Ляля с набитым ртом сделала приглашающий жест куском пирога.

Пермякова была неисправима. Ляля делила лаборантскую с пожилой Вероникой Николаевной, поэтому Оксана не могла войти в эту дверь без стука. Даже Вероника Николаевна, обижаясь, делала Оксане на этот счет замечания. Но в той брали верх то ли интеллигентность, то ли плебейство, поэтому она стучалась почти всегда, прежде чем войти. Низкоранговая особь.

Лялина мама пекла роскошные пироги. Оксана потянула ноздрями аппетитный запах.

– А я к тебе опять с пустыми руками! – засмущалась она. – В магазин утром заскакиваю, а денег в кошельке, оказывается, только на автобус…

– Хорош оправдываться! А то будто я тебя так не накормлю, – проворчала Ляля.

Ляля, не вставая, налила из чайника кипятка в замызганную кружку и бросила туда чайный пакетик. Оксана, поблагодарив, отхлебнула крепкого чая.

– Представляешь, у меня младший – такой педант! Если ему надо что-нибудь выбросить – подходит к мусорке, отодвигает меня, открывает дверцу, выбрасывает мусор и пододвигает мою ногу обратно – на прежнее место! – радостно сообщила Оксана подруге свое наблюдение за четырехлетним сыном.

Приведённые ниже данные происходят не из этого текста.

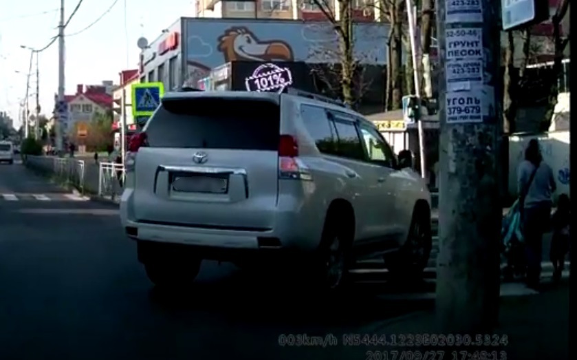 29 сентября 2017 года видео с неуступчивым белым “крузером” опубликовано в “Cообществе автомобилистов Калининграда и области” в Youtube. Ролик снят на видеорегистратор ехавшего следом автомобиля и датировано 27 сентября. Там видно, как белый LandCruiserPrado выжидает зелёный свет, чтобы свернуть с крайней полосы ул. Горького на ул. Озёрную. В это время, в том же направлении и параллельным курсом, Озёрную переходят пешеходы, последними из которых остаются трое – мать с двумя детьми и коляской. Зелёный свет для машин с Горького загорается, белый внедорожник тут же трогается с места и поворачивает на Озёрную. Авто двигается наперерез пешеходам, первый из которых случайно оказывается в паре сантиметров от капота “Тойоты”, а последние – впритирку с правым передним крылом транспорта.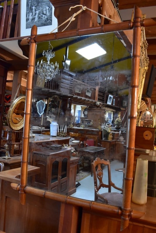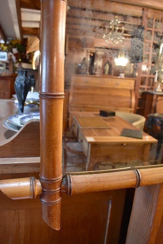 Miroir de taille moyenne en merisier de forme ‘bambou’.

Ляля, скупо хмыкнув, ответила:

– Интересно ты сейчас рассказала… Выходит, что ты дома постоянно у мусорки торчишь? Что ты там делаешь, Пермякова?

– Как что? Посуду мою! – с улыбкой вздохнула Оксана. – А у тебя кофе еще остался?

– Не знаю. Ты одна тут его пьешь, тебе виднее.

Оксана открыла тумбочку, в которой хранились чайные принадлежности, достала банку с кофе и сыпанула из нее прямо в чашку с чаем.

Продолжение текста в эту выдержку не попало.